For an accelerated motion, the position of a moving object at any time is given by the kinematics equation, $x=\frac 12 at^2 +v_0t+x_0$.

This equation tells us that for an accelerated motion, position varies with time in a quadratic form whose graph is as below

Overall, a constant velocity (uniform) motion has a straight line position-versus-time graph, but a curve in the $x-t$ graph represents an accelerated motion.

This curve for a constant acceleration has a simple form of quadratic.

## Direction of acceleration on a position-time graph

Acceleration is a vector quantity in physics with both a direction and a magnitude. We can find both using a $x$-$t$ graph.

As mentioned above, the position of a uniform accelerating object varies with time as a quadratic function.

A positive acceleration yield a position-time graph opening upward.

Similarly, a negative acceleration produces a position-time graph opening downward.

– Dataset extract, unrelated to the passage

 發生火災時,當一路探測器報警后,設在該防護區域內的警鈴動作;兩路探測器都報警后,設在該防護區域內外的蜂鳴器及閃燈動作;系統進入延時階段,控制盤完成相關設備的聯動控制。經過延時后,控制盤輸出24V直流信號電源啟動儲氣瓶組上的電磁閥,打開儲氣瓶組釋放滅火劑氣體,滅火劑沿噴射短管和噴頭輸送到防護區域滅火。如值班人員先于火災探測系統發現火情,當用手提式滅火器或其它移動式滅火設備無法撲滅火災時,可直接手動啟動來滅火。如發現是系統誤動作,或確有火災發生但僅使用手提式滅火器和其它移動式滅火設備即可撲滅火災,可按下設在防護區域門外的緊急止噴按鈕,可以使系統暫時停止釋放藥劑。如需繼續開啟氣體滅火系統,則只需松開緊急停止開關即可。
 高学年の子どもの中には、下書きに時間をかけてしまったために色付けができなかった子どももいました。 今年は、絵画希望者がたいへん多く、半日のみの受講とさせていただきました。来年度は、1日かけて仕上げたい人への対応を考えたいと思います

Both cases are shown in the figure below

## Magnitude of acceleration on a position-time graph

It is a difficult task to find the magnitude of the acceleration vector for a moving object from its position-time graph.

If the object increases its speed at a constant rate, then its acceleration is a constant value during that time interval.

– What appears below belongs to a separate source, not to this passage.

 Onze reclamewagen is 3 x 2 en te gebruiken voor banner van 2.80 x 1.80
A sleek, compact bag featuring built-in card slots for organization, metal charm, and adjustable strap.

In such cases, the position vs. time graph has a quadratic curve in which we can simply find its acceleration by having initial position and velocity.

In the following, we will try to learn this calculation by a couple of solved examples.

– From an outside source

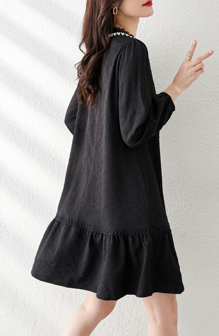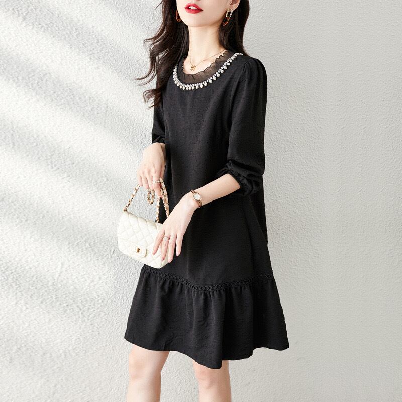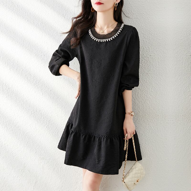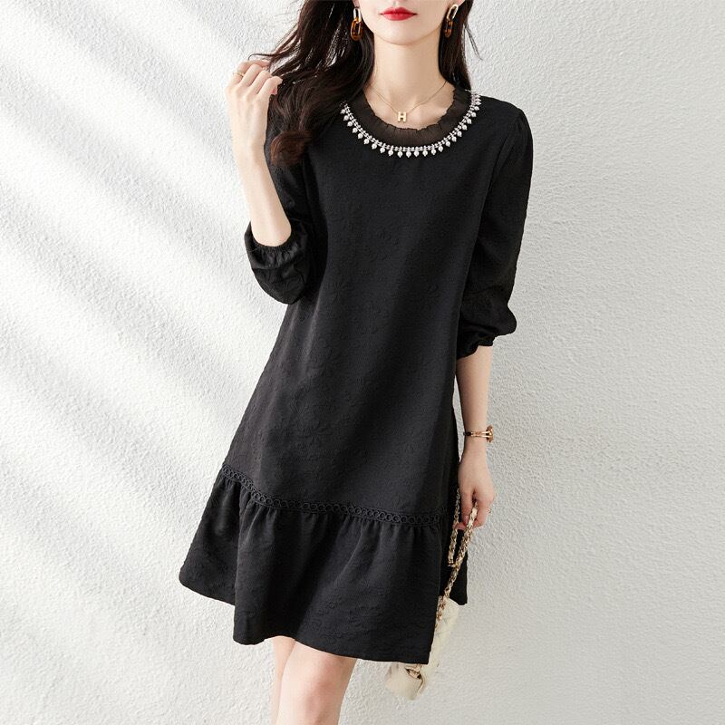 【dress】M〜2XLゆったりパールラウンドネックワンピース OR0153

Example (1): The equation of position vs. time for a moving object, in SI units, is as $x=-t^2+6t-9$. Which of the following choices are correct?
(a) The object's acceleration is constant and its magnitude is $1\,{\rm m/s^2}$.
(b) The object's velocity at the initial time $t=0$ is to the negative $x$-axis.
(c) The object's initial position is on the negative side of the $x$-axis.

Solution: we examine each choice separately.

(a) This equation has a quadratic form so its acceleration is constant. Comparing this equation with standard constant acceleration kinematic equation, $x=\frac 12 at^2+v_0t+x_0$, we will find its magnitude as $\frac 12 a=-1 \Rightarrow \ a=-2\,{\rm m/s^2}$ So this choice is incorrect.

(b) Object's velocity at the initial time'' means its initial velocity. Comparing above equations reveals that initial velocity is $v_0=6\,{\rm m/s}$. So, this choice is also incorrect.

(c) By setting $t=0$ in the position-time equation, its initial position is obtained. So, $x_0=-9\,{\rm m}$. Negative indicates that the object is on the negative side of the $x$-axis initially. Thus, this choice is correct.

Example (2): The position vs. time graph of a moving object accelerates uniformly along the $x$ axis is plotted in the figure below. Find its acceleration, initial velocity, and position. Solution: The concavity of the graph tells us about the sign of acceleration. Here, the graph opens upward (concave upward), so its acceleration is positive, $a>0$.

At the instant the motion is started $t=0$, the position of the object is a negative value. It means that initially, the object starts its motion on the negative side of the $x$-axis.

Recall that the slope of the position-time graph represents the object's velocity. A tangent line at time $t=0$ has a negative slope because that makes an obtuse angle with the $+x$-axis. So, the initial velocity is negative. Overall, this object starts its motion at a position behind the origin in the opposite direction of the $x$-axis as shown in the figure below. In the next example, we will find the constant acceleration of a moving object using its position vs. time graph.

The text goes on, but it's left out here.